Introduction to Single-Cell RNAseq analysis : From fastQ to identified populations

Single-cell RNAseq reveals tissue heterogeneity where bulk RNAseq can only demonstrate an average vision of a tissue transcriptome.

FastQ files

The very first file format you can have is a fastQ file. It contains all sequences. For each sequence you will have the following four lines :

  • Identifier line (begins with @)
  • Sequence : contains different information based on the type of file :
    • R1 (barcodes sequence), R2 (cDNA sequences), I1 (illumina lane info)
  • Quality score identifier line (consisting only of a +)
  • Quality score for each base of the sequences

Here is an example of 10X library construction :

UMI (Unique Molecular Identifier) is a barcode sequence to identify and differentiate each mRNA molecules.

Alignment and Counting

To obtain an expression matrix, you need to align the sequences to a reference genome and then count for each gene how many reads aligned on its sequence.

For technologies based on UMI (like 10X), you need to filter UMI duplicates thus avoiding PCR duplicates which is not possible for technologies such as Smartseq2 (that is more like bulk RNAseq methods).

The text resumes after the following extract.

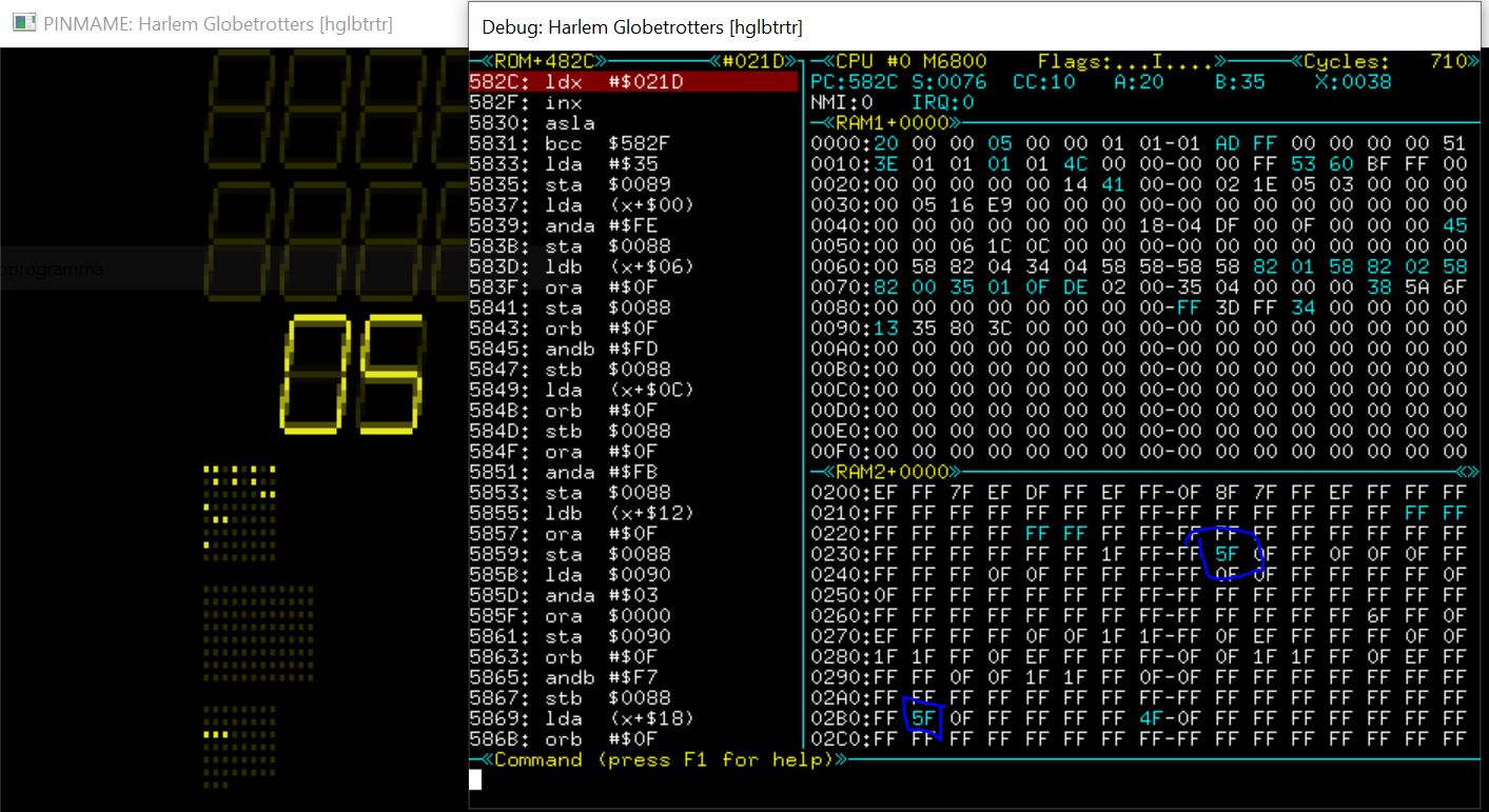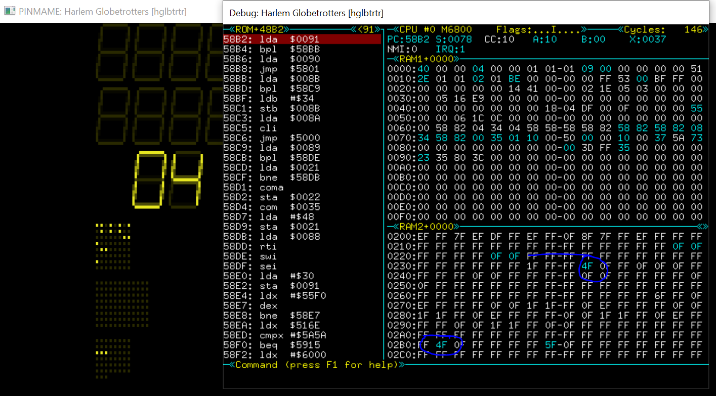 Als test gebruiken we de harlem globetrotters roms. Standaard staan de dipswitches in vpinmame zo dat de credits niet te zien zijn. De handleiding geeft aan dat dipswitch 27 aan moet staan om de credits te tonen. Als vpinmame met debugger op de voorgrond staat kun je met “G [return]” naar GO mode en vanuit GO mode met ‘`’ (backtick onder escape) naar de debugger. Kijk uit voor de escape key, daarmee verlaat je vpinmame.

There is a single-cell version of splice aware aligner STAR : RNAstarSolo. It need several inputs :

  • FastQ files Read1 and Read2
  • Reference genome (fasta file) and gene model (GTF)
  • Cell Barcode whitelist

It will align the sequence to the reference genome going from fastQ file to Bam file (File format containing algined read). Then it will remove cell barcodes based on a list of known barcodes (the whitelist file provided by 10X for example) and filter UMI duplicates. Finally it will count producing an expression matrix.

Note

There is a wrapper galaxy tool of RNAstarSolo with presets of different versions of CellRanger.

Preprocessing

Once you have your expression matrix you need to clean data in order to not skew downstream analysis results.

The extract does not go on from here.